De gezichtjes van Helga en Willeke klaren op; nu wordt het in ieder geval in de keuken een stuk plezieriger. De vijftien kinderen rennen naar het huis van Helga en Willeke; ze schrikken als ze de berg afwas in de keuken ontdekken. "Hebben jullie geen afwasmachine?" vraagt Hanneke. "Ja, die hebben we wel," antwoordt Helga, "maar mama vindt dat het veel te lang duurt en ze heeft straks de kopjes weer nodig." "Nu krijgen die dames een glaasje likeur en voordat ze naar huis gaan krijgen ze weer koffie," legt Willeke uit. "Dan lopen ze dus niet teut over de straat te waggelen," begrijpt Bas. "Moeten die toastjes bij de likeur gegeven worden," vraagt Hanneke, "dan moeten we die eerst maar klaarmaken."

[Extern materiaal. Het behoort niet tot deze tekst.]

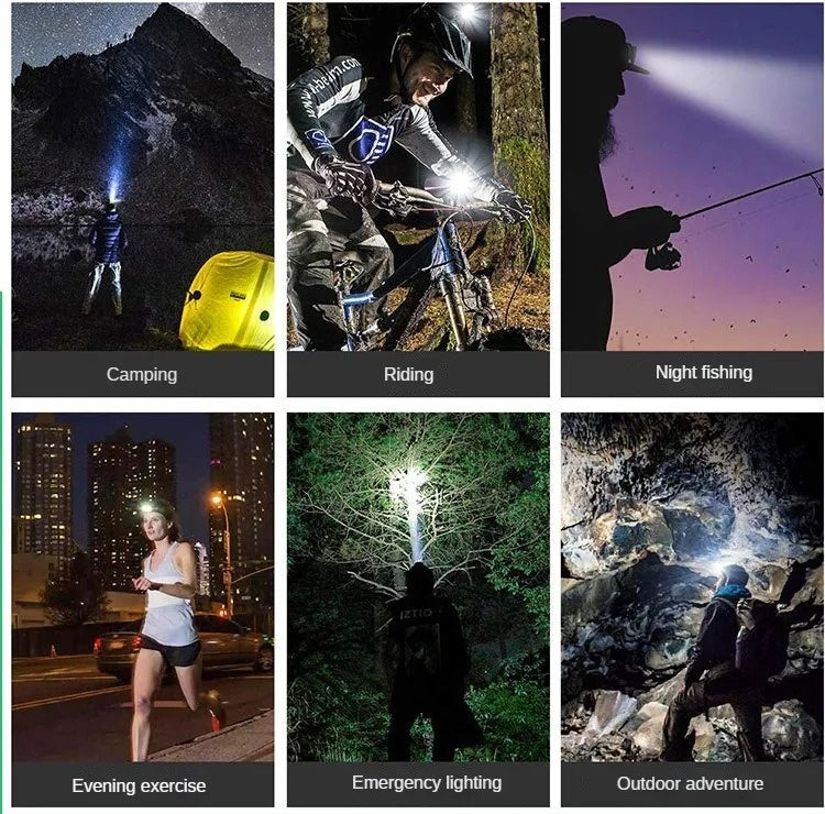 Uppladdningsbar LED-pannlampa för friluftsliv och arbete där du behöver starkt och riktat ljus. Åtta LED-ljuskällor ger upp till 40 000 lumen och en räckvidd på upp till 500 meter för sök, reparationer och orientering i mörker. Lamphuvudet kan vinklas 90° så att ljuset hamnar där du arbetar utan att du behöver ändra huvudposition. Konstruktionen i ABS-plast är vattentät och stötsäker för användning i krävande miljö. Laddning sker via USB och två batterier medföljer, tillsammans med förvaringsväska och kabel.

Gelukkig zijn Hanneke, Monique en Fatima handig in het fabriceren van toastjes; alle spullen om die dingen te maken staan klaar op de tafel. Bert, Ron, Eddy en Hans beginnen alvast aan de afwas; de anderen ruimen de keuken een beetje op; zó lijkt het niet zoveel werk meer. Wanneer er vier schalen met toastjes klaar zijn, zegt Boris: "Kom, Bas, die brengen wij wel even rond."
De tweeling pakt de schalen en loopt naar de huiskamer; ze zetten ieder één schaal op de tafel, die midden in de kamer staat en met de andere gaan ze langs de dames. De tweeling stopt iedere mevrouw een toastje in haar hand en zegt: "Hier is een toastje, gauw opeten anders knoeit u." Het wordt doodstil in de kamer, want de dames zitten allemaal hun toastje te eten.
Bas en Boris pakken nu de andere schalen en gaan nog een keertje rond. Wanneer de vier schalen leeg zijn, lopen ze terug naar de keuken. "Hebben jullie nog meer toastjes?" vraagt Bas, "die dingen gaan erin als koek." De spullen om toastjes te maken zijn helaas op en Helga zegt dat ze geen toastjes meer kunnen maken. "O, dat lukt best," vindt Boris en hij kijkt eens in de keukenkastjes. "Toastjes met pindakaas zijn ook heel lekker," vindt Boris, "vooral als je daar chocoladehagelslag op doet." "Toastjes met huisvuil smaken ook wel," vindt Bas en hij pakt een pot sandwichspread.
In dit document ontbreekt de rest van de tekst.